Boosting home ownership

The Opposition scoffed when, during the campaign, the PPP declared it would be delivering 50,000 house lots during the next five years, were it to get into office. In its previous iterations, the housing sector was one of its glowing successes, and it was not coincidental that much of that success occurred under the watch of Irfaan Ali who was then the Minister of Housing. With him becoming President on Aug 2, 2020, the promise was almost guaranteed, since he knows exactly what needs to be done.
And now, nine months later, we can see from the trajectory of house lots’ allocation that the goal is well within sight, with 3600 lots allocated between Aug 2 and Dec 31, 2020 – 600 more than had been projected. This compares with the 7089 lots allocated over the five years the APNU/AFC coalition was in office. However, the Government is not stopping at house lots, but has set its sights on their owners becoming home owners. It has done this by encouraging easier access to loans with lower interest rates, increasing the number of institutions granting mortgages with the authorisation of the Bank of Baroda to enter the mortgage market, and reducing taxes on construction and building materials.
The NBS has been persuaded to grant loans of up to $6 million with an interest rate of four per cent; $6-12 million @ 5.9 per cent, and $12-15 million @ 6.25 per cent. This is against a background of Minister of Finance, Dr Ashni Singh, introducing the Income Tax Mortgage Interest Relief back in 2013. Any individual taking out a mortgage of up to $30 million for the purchase of a home would be able to deduct the interest paid on the mortgage from their taxable income. Immediately, homeowners will benefit significantly. Since, in the early mortgage, most of the payments are applied to interest on the mortgage, these payments would now act to raise the “non-taxable” income of the homeowner from the present $720,000 by the total interest paid for the year.

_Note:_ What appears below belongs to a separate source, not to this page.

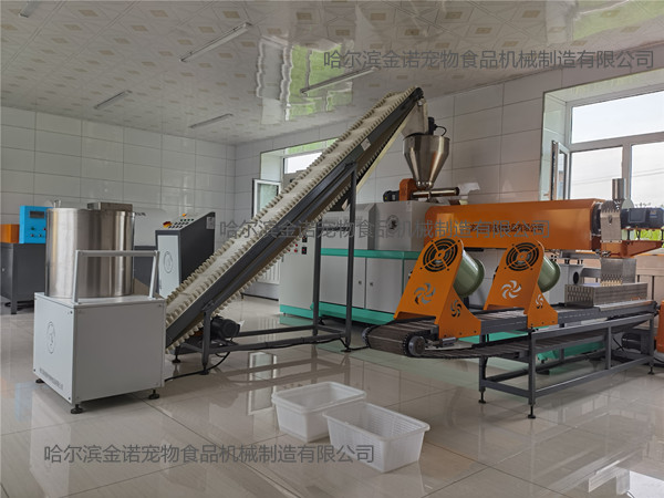 狗糧加工設備JNK200-T5M:1。JNK200-T5M型狗糧加工設備安裝方便、出廠已經(jīng)試機,狗糧機切刀采用直角切刀技術,調試簡單;2。狗糧設備的主軸和切刀小軸均可隨時注入耐高溫潤滑脂,延長狗糧機的軸承使用壽命;3。JNK200-T5M狗糧設備每小時生產狗糧顆粒200公斤。

But the benefits from the Government’s overall facilitation of housing for the entire population go far beyond the tax exemption etc. One of these is that a mortgage is a form of long-term forced savings. Many persons have great difficulty in saving directly from their pay checks or wages, which is not just a problem for the individual, but for the nation. Developing countries need savings to make investments, and when individuals take out mortgages, the banks can count on a steady income stream, which can be invested. For the home owners, rather than paying rentals, they accumulate increasing equity in their houses; which, historically, has always tended to go upwards.

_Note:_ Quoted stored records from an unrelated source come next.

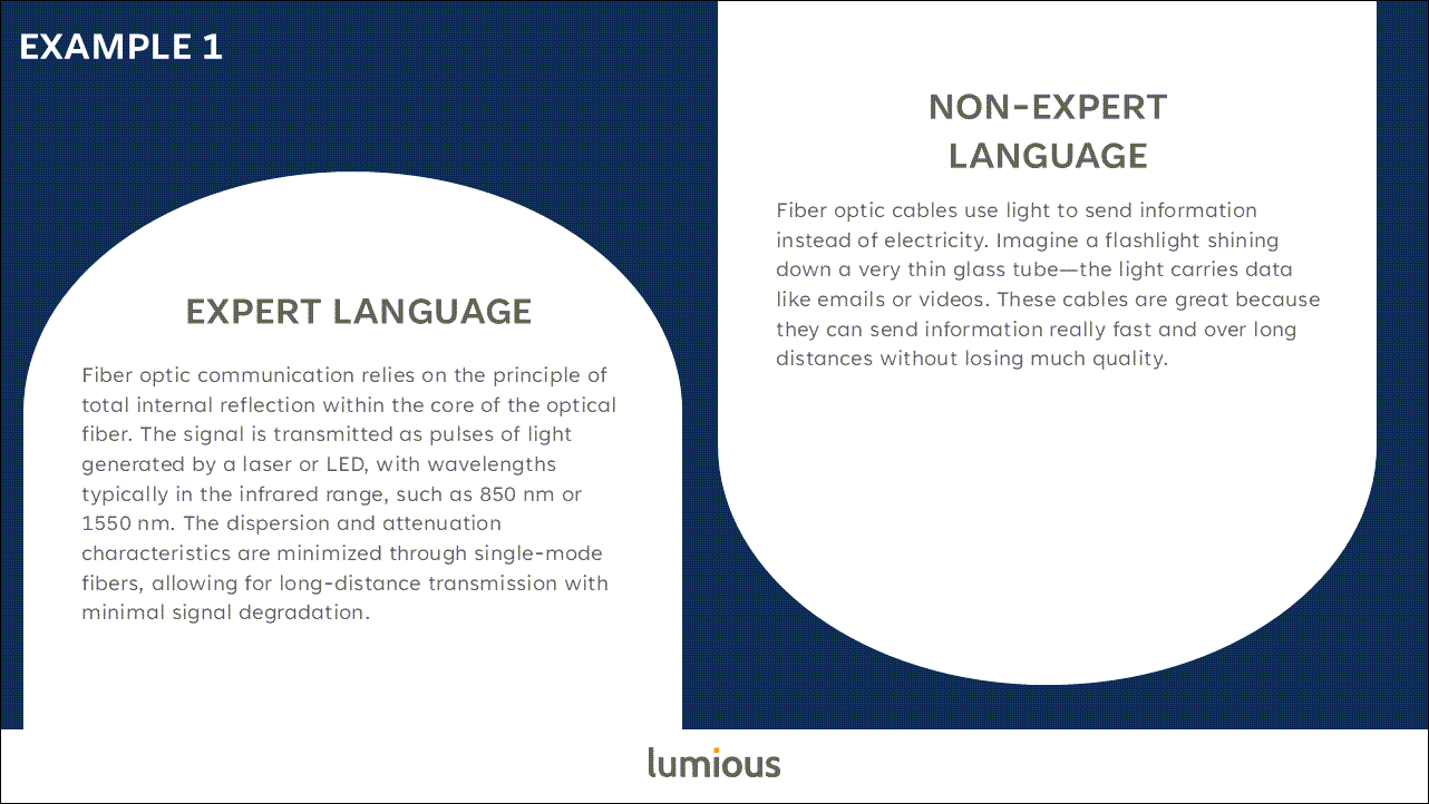 Demonstrate translating technical concepts and language into language appropriate for your audience.
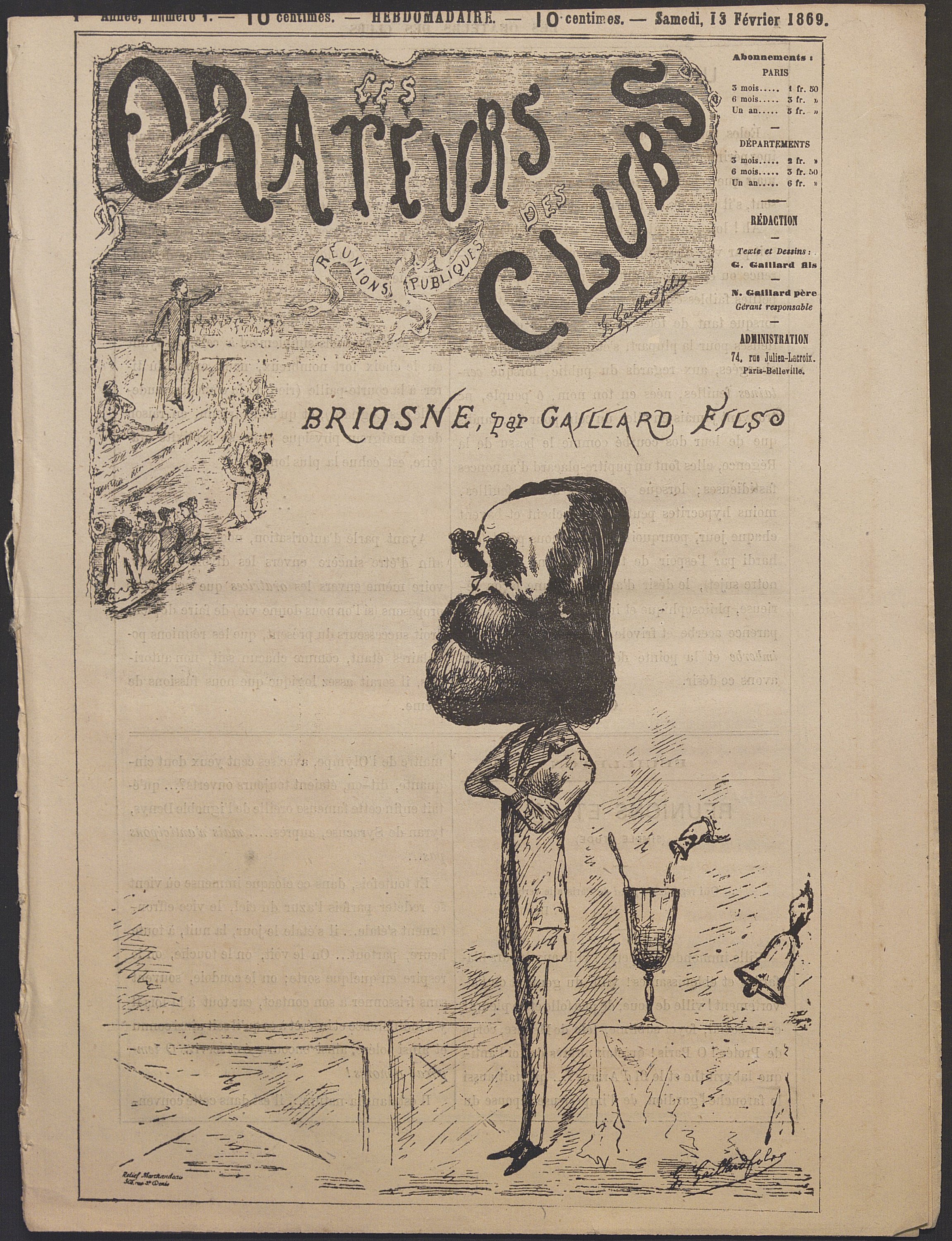 Rarissime hebdomadaire éphémère fondé par Napoléon Gaillard (1815-1900), néo-babouviste, propagandiste de la libre-pensée et de l’athéisme auquel collabore son fils Gustave, ayant pour objectif de faire connaître les orateurs révolutionnaires les plus populaires qui animaient les « clubs rouges. »
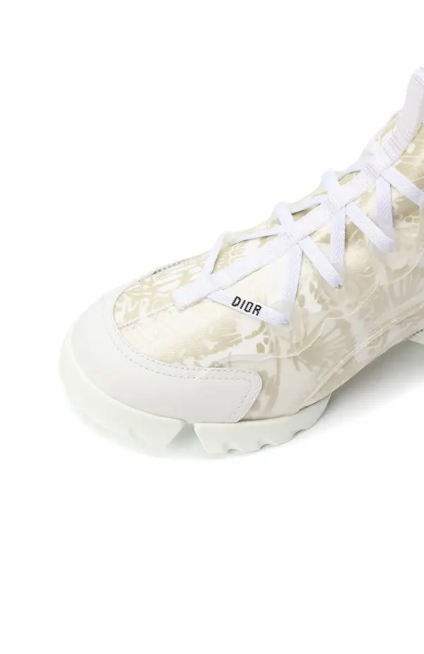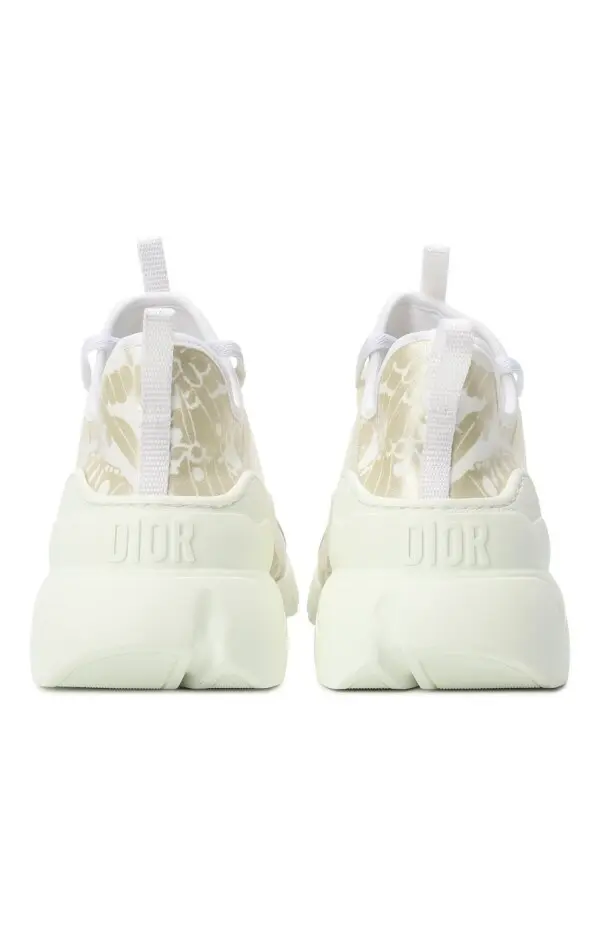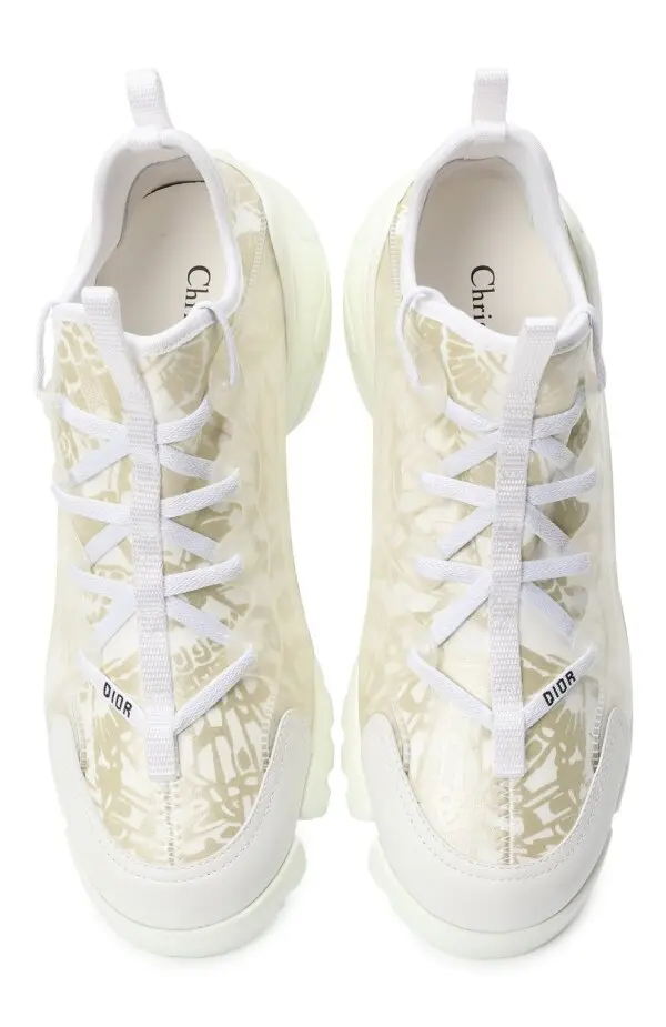 Кроссовки D-Connect Dior выполнены в светло-бежевом оттенке с полупрозрачным верхом, украшенным изысканным узором. Массивная резиновая подошва с рельефным протектором подчеркивает спортивный силуэт и обеспечивает комфорт при ходьбе. Белые шнурки и акцент с логотипом Dior на язычке завершают современный и стильный образ.

Home ownership also has immediate spinoff benefits for the rest of the economy, as owners seek to furnish and constantly upgrade their properties. Businesses that cater to this trade typically employ a large number of unskilled persons as well as give a boost to local manufacturers of furniture and other household goods. The NDCs can now collect rates and taxes to provide various services to the area.
But just as important are the social benefits that give families a sense of stability and security. The moment someone owns a home, the family acquires pride in home ownership, and typically sees itself as having a stake in the community. This leads to the development of social capital in the form of trust between residents. If countries do not have this kind of social capital, it is almost impossible for them to mobilise their citizens for the sacrifices a sustainable developmental thrust demand.
It is this lack of social capital which exists in inner city ghettoes that leads to the multitude of crimes and other degradations committed by residents who typically rent the hovels they live in.
The success of a developing country depends on the development of a growing middle class. And there can be no middle class unless they are facilitated to own their own homes.